Bishop Zurek: Not at all. The Church’s teaching against any early abortion is based on respect for all human life. It makes no distinction between male or female. The Church’s teaching against contraception and sterilization, for example, is based on the respect for the power to generate new human life, a power that is held by both men and women. Hence, health care plans in accord with Catholic teaching, do not cover male or female sterilization.
WTC: Do religious employers violate the consciences of women who want birth control by refusing to cover it in their employee health care plans?
Bishop Zurek: Absolutely not. They simply decline to provide active support for procedures that violate their own consciences. What we are saying is that the Church cannot provide it, because it would violate our conscience.

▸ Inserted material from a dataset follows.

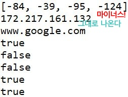 System.out.println(ia1.getHostAddress()); // 문자열로 리턴(0-255) 이걸 권장.
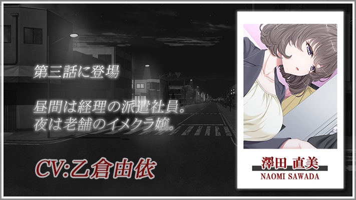 ▲登場するキャラクターは色気ムンムンの人妻からメスガキなパパ活女子まで、バリエーション豊か。彼女たちのいけない秘密を探り出せ!!

If an employee disagrees with the providers plan, he or she can simply purchase that coverage or procedures elsewhere.
WTC: What solution to this dispute would be acceptable?
Bishop Zurek: The most logical and easiest solution would be to leave the law as it has always been, so that those who provide, sponsor or purchase health care coverage can make their own decisions about whether to include these procedures, without having the federal government impose one answer on everyone. If HHS refuses, it will be especially urgent for Congress to pass the “Respect for Rights of Conscience Act,” to prevent the Health Care Reform Act from being used to violate insurers’ and purchasers’ moral and religious consciences and beliefs.

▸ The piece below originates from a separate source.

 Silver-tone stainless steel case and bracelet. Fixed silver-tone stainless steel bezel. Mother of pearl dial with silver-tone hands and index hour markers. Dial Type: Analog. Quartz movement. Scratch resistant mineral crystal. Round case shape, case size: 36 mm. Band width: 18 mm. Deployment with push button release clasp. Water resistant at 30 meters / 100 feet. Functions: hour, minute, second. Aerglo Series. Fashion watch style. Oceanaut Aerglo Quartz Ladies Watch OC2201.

WTC: In conclusion, Bishop Zurek, if this is allowed to stand, we’ll be in violation of the Constitution and religious liberty would fall. What would be next to dissappear from the American landscape?
Bishop Zurek: First of all, the Freedom of Religion, Religious Liberty or Freedom of Conscience constitute one of the most fundamental of Human Rights. In the civic sphere it is a violation of the Constitution. In the religious arena it is a violation of the Right to Life. According to Pope John Paul II, the Right to life is the foundational right upon which all other Human Rights depend. He taught that if the “Right to Life” falls, every other human right falls, because all are based on that. His logic is, “when human life is snuffed out, it can never be recuperated.” It is gone forever. If we disregard the Freedom of Conscience by violating Religious Liberty, we set in motion the very strong possibility that other freedoms we enjoy in this country and have taken for granted since our beginning, are in danger of falling also.
I would ask all our Catholic people and all people of good will belonging to other religious denominations or religions to ponder this question with us. It affects all of us, in all our varying religions. It even affects people without faith. We must band together and work logically, consistently and firmly to overturn this decree by the administration through the Department of Health and Human Services.
May Our Lord Jesus Christ grant us the Grace to persevere in this holy enterprise!